With the images removed, write out every line below exactly.

[[ DATASET SECTION, beginning ]]

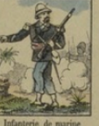
Infanterie de marine perd 120
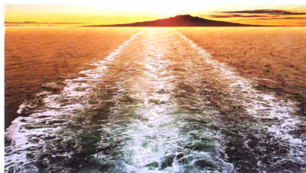
上下:《视线的边缘,或大地的边缘》截图 单频影像 6'00" 2013年

作本身的还原。但是《Hi-!》是在记录现实所发生的事件。图像本身具有当前时间的指向性,在它呈现出来的时候,我们首先看到的是它的现象和形式,但有跨越的延续或非延续的引申作用,同时附着着不确定性的关联因素。图像本身或内容,总是象征着一种行为,这也决定于你作用于图像的行为关系。图像也总是发生在当前时间的形式表面与这种行

[[ DATASET SECTION, end ]]

_FINAL ANSWER_
Infanterie de marine perd 120
上下:《视线的边缘,或大地的边缘》截图 单频影像 6'00" 2013年

作本身的还原。但是《Hi-!》是在记录现实所发生的事件。图像本身具有当前时间的指向性,在它呈现出来的时候,我们首先看到的是它的现象和形式,但有跨越的延续或非延续的引申作用,同时附着着不确定性的关联因素。图像本身或内容,总是象征着一种行为,这也决定于你作用于图像的行为关系。图像也总是发生在当前时间的形式表面与这种行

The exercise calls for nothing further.